Adam Lambert: Lady Lambert sang Play That Funky Music with all the zest of a new bottle of lube being cracked and squirted for the first time. Smells like Springtime! Yes, his vocals were impeccable and the judges loved him. However, one key question to ponder is, "Where exactly have Miss Lambert's testicles gone"? Did he make a necklace with them? Maybe a pendulum? Tick tock tick tock, what what!! I doubt Lady Lambert will win but he sure puts on a fine show. Mika would be proud.


Allison Iraheta: This freak show sang 90's anthem Don't Speak with the fervor of an angst teen who hangs out at the local bus depot smoking cloves and waxing philosophical with the town drunk. What was with her outfit? Was Hot Topic liquidating? Irritata tries too hard to mimic Hayley from Paramore and it's just a hot tranny mess. The vocals were fine but far too distracting was the miserable outfit and dumb young persona. Loser!


Anoop Desai: Snoopy sang Usher's Caught Up and it was simply a disaster. First of all, why would Snoop say that he's aspiring to be an R&B singer? He has no rhythm, no soul... he's more of an Indian Michael Bubbles. Croon, bitch! And that personality! He's still too smug for his own good. I don't think he has a chance of winning but we shall see.

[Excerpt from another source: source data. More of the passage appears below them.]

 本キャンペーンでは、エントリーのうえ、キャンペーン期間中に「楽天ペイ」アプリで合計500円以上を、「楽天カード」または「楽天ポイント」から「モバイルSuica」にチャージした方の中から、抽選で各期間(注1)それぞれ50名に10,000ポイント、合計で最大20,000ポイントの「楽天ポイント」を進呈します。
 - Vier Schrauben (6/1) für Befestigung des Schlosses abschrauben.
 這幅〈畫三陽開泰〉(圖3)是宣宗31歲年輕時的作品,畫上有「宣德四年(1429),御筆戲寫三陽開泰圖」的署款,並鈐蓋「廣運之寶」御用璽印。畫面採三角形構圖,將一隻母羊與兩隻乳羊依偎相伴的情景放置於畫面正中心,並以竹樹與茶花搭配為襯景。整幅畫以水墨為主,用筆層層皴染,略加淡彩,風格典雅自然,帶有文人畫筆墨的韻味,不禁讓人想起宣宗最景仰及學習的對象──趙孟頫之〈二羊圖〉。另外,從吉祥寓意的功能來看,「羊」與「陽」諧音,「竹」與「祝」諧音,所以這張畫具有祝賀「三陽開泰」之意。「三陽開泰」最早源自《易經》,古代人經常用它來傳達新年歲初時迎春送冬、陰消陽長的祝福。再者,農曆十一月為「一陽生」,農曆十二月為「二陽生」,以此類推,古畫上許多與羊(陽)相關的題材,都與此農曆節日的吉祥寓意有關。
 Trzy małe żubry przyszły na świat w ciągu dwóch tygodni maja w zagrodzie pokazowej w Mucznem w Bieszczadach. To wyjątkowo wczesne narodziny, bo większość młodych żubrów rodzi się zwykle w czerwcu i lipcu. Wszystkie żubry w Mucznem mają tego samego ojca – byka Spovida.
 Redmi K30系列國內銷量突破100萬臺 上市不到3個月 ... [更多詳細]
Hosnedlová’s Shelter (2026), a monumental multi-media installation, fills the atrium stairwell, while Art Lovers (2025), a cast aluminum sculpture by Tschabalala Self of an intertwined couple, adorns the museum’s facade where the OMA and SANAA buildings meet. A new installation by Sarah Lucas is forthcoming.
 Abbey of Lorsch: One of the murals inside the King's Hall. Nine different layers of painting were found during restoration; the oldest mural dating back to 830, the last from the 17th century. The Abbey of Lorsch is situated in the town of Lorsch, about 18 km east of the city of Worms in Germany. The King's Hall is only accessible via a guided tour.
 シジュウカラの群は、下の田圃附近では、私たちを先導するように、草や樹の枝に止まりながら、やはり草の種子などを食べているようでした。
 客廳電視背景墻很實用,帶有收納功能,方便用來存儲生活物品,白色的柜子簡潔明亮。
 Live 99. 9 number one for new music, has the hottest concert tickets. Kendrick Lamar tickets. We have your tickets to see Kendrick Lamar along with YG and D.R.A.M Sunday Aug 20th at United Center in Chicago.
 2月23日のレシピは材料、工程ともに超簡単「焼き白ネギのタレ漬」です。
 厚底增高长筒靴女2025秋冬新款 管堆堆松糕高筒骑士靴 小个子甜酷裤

Danny Gokey: Tub of Ugly sang What Hurts the Most and shockingly, I wasn't horrified. Yes, his appearance is a hot lardy mess and I am praying that all that Midwesterners aren't screaming, "Oh that precious Danny boy! He looks like cousin Clyde! I can relate! OMG! He's signing a Rascal Flatts song! I'm stupid and love country. Yeehaw!" Party beavers, we don't need another generic Taylor Hicks on our hands. Boring and over!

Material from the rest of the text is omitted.